**Exercise objective**
Line by line, transcribe the data below exactly and pass over the images.

**Given data**
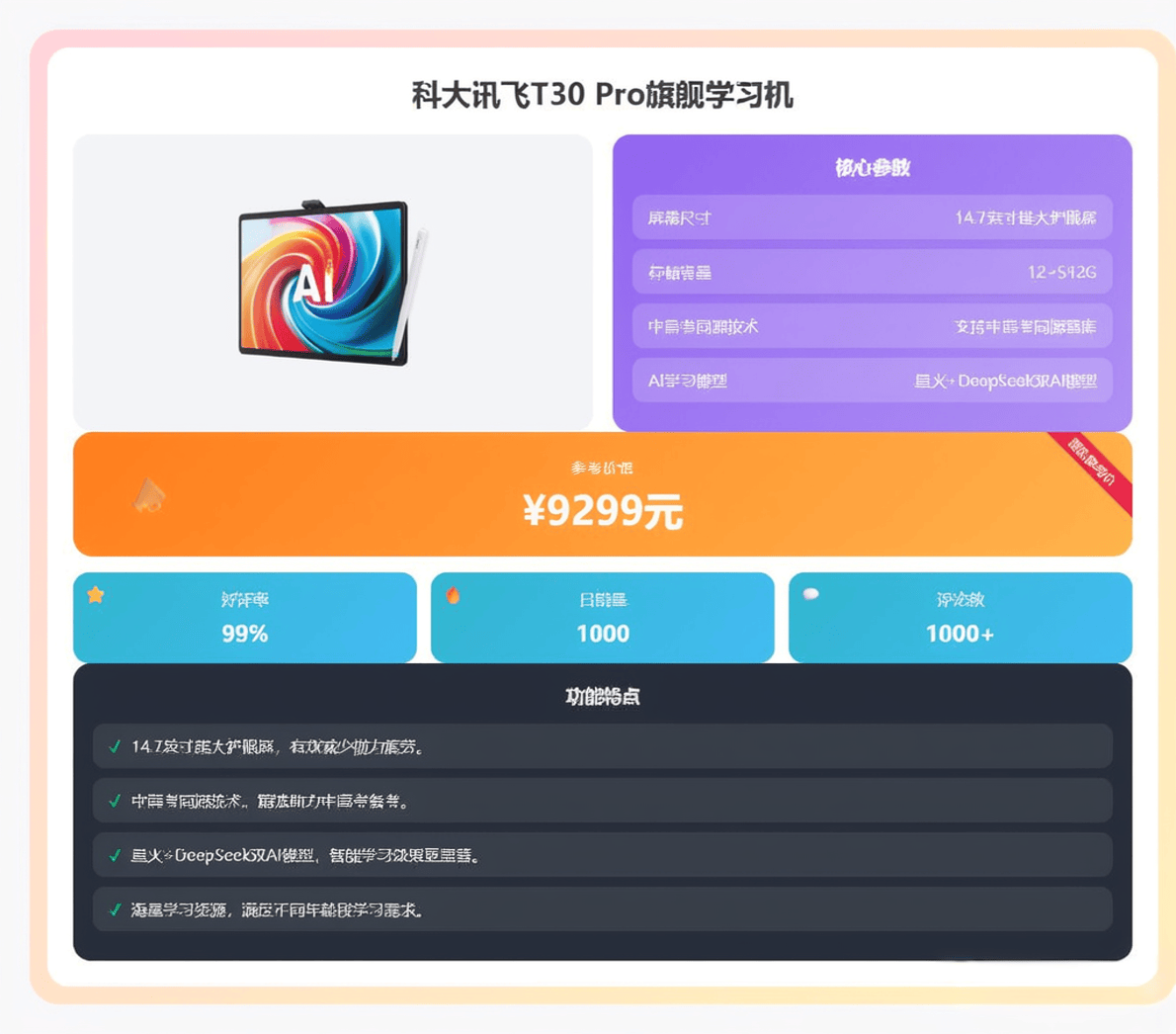 對于追求旗艦體驗但預算敏感的用戶,T30 Pro以8999元的價格提供超值選擇。作為次頂配機型,該產品在屏幕尺寸、存儲容量等非核心參數上與萬元級Ultra版保持差異,但保留了95%的AI學習功能。實測表明,其知識圖譜構建速度與Ultra版僅相差0.3秒/題,而價格優勢達1200元。這種"旗艦體驗平民化"的定位,使其成為高端市場中的性價比黑馬。
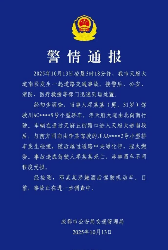 2025年10月13日,成都公安发布的警情通报显示,当日凌晨3时许,成都天府大道南段发生一起道路交通事故,当事人邓某某(男,31岁)驾驶小型轿车,行驶过程中与前方同向由李某驾驶的小型轿车发生碰撞,随后越过道路中央绿化带,起火燃烧;事故造成邓某某死亡,经检测,其涉嫌酒后驾驶。
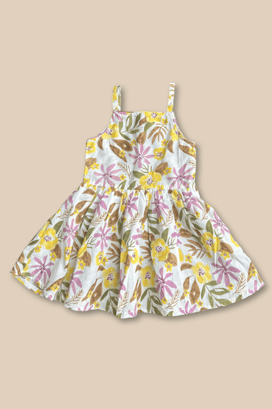 Girls Pure Cotton White Summer Dress - Floral print

**Finished exercise**
 對于追求旗艦體驗但預算敏感的用戶,T30 Pro以8999元的價格提供超值選擇。作為次頂配機型,該產品在屏幕尺寸、存儲容量等非核心參數上與萬元級Ultra版保持差異,但保留了95%的AI學習功能。實測表明,其知識圖譜構建速度與Ultra版僅相差0.3秒/題,而價格優勢達1200元。這種"旗艦體驗平民化"的定位,使其成為高端市場中的性價比黑馬。
 2025年10月13日,成都公安发布的警情通报显示,当日凌晨3时许,成都天府大道南段发生一起道路交通事故,当事人邓某某(男,31岁)驾驶小型轿车,行驶过程中与前方同向由李某驾驶的小型轿车发生碰撞,随后越过道路中央绿化带,起火燃烧;事故造成邓某某死亡,经检测,其涉嫌酒后驾驶。
 Girls Pure Cotton White Summer Dress - Floral print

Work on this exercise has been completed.